■ WHAT IS REQUIRED
Skip any pictures. Repeat the data exactly, from its first line through the line that holds "Slip into subtle", both included.

[DATA BLOCK — start]

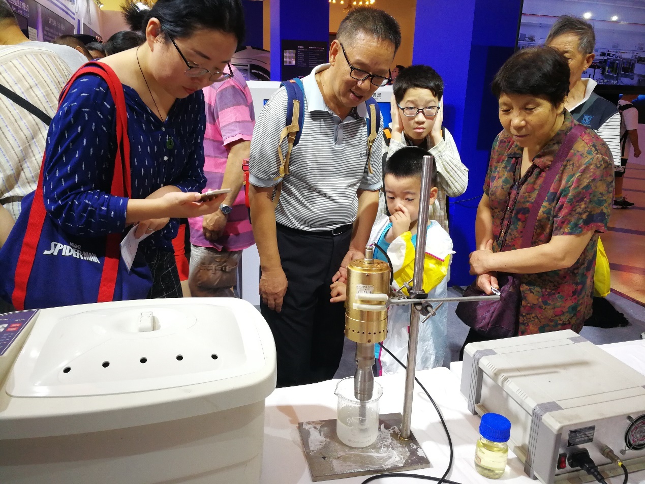 在为期四天的科博会中,东海站的超声清洗、超声雾化、超声乳化设备和指向性扬声器引起了广大市民的强烈兴趣和高度关注。东海站科普活动志愿者团队成员积极为市民讲解科普设备的原理及应用并进行现场展示与互动,为观众揭开了超声的神秘面纱,带领观众领略了超声的奇幻“色彩“。
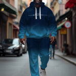 Slip into subtle style with this big & tall men’s hoodie set, featuring a navy gradient design. Crafted from a warm cotton-blend, it’s soft yet structured, ideal for layering or solo wear. With a tapered jogger silhouette and stretchy fabric, it’s built for comfort on cooler days, without compromising style.
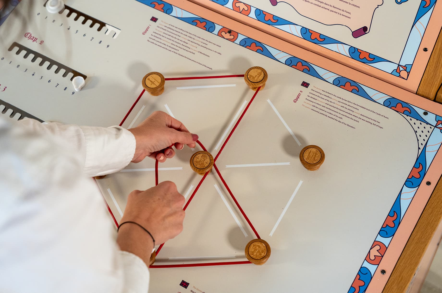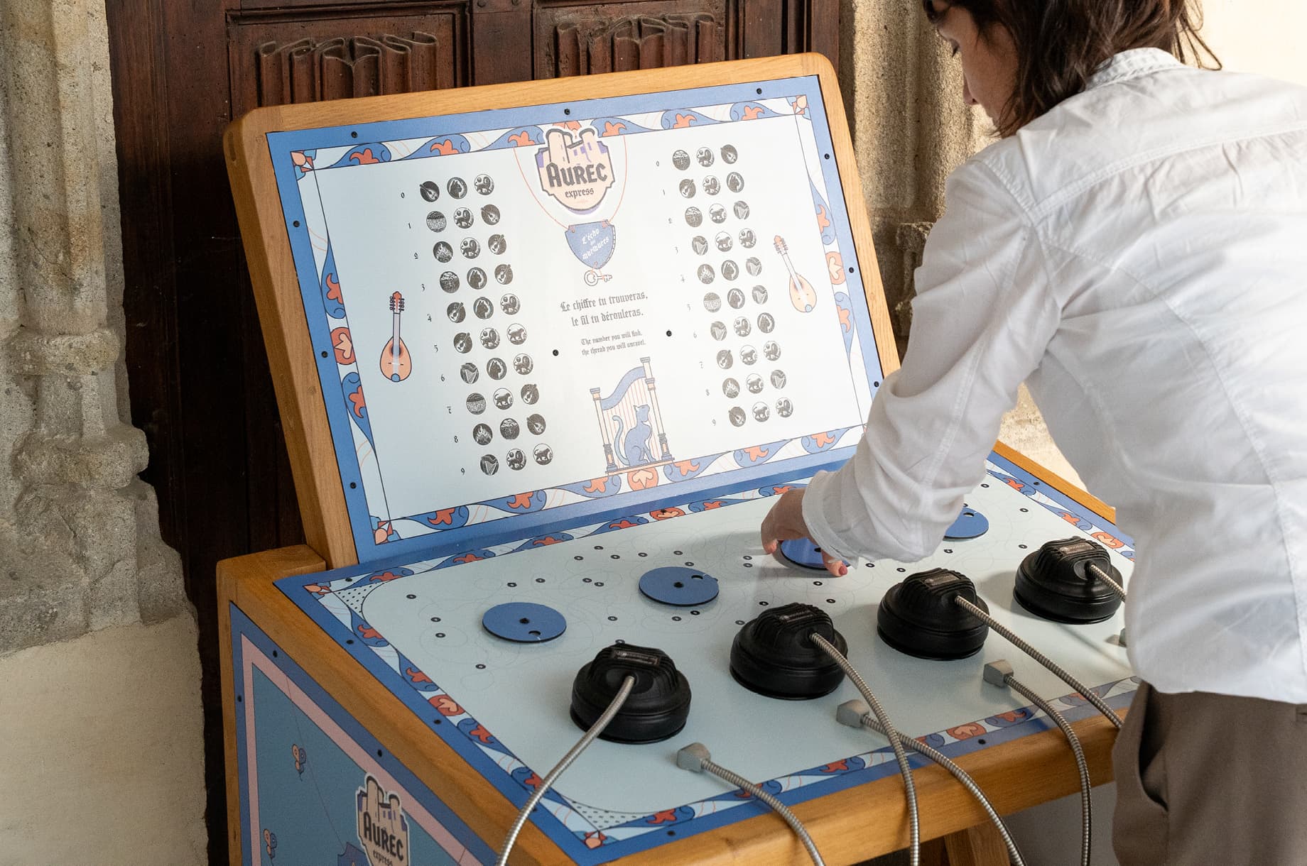 Visitors earn a score based on their team’s time and correct answers, while handcrafted interactive stations — designed in collaboration with local craftman Christophe Garnier — were built using traditional materials and techniques to ensure seamless integration into the medieval setting.
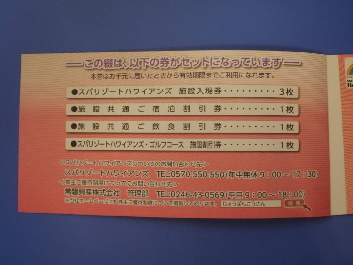 スパリゾートハワイアンズで使用できる「常磐興産株式会社」の株主優待券綴りの出品です。有効期限は2025年12月31日ですのでご注意ください。有効期限がある商品のため、落札後24時間以内にお支払いをお願いします。24時間以内にお支払いのない場合はキャンセルとさせていただきます。入金確認後24時間以内に定形郵便にて発送します。

[DATA BLOCK — finish]

■ OUTPUT FOR THIS TASK
 在为期四天的科博会中,东海站的超声清洗、超声雾化、超声乳化设备和指向性扬声器引起了广大市民的强烈兴趣和高度关注。东海站科普活动志愿者团队成员积极为市民讲解科普设备的原理及应用并进行现场展示与互动,为观众揭开了超声的神秘面纱,带领观众领略了超声的奇幻“色彩“。
 Slip into subtle style with this big & tall men’s hoodie set, featuring a navy gradient design. Crafted from a warm cotton-blend, it’s soft yet structured, ideal for layering or solo wear. With a tapered jogger silhouette and stretchy fabric, it’s built for comfort on cooler days, without compromising style.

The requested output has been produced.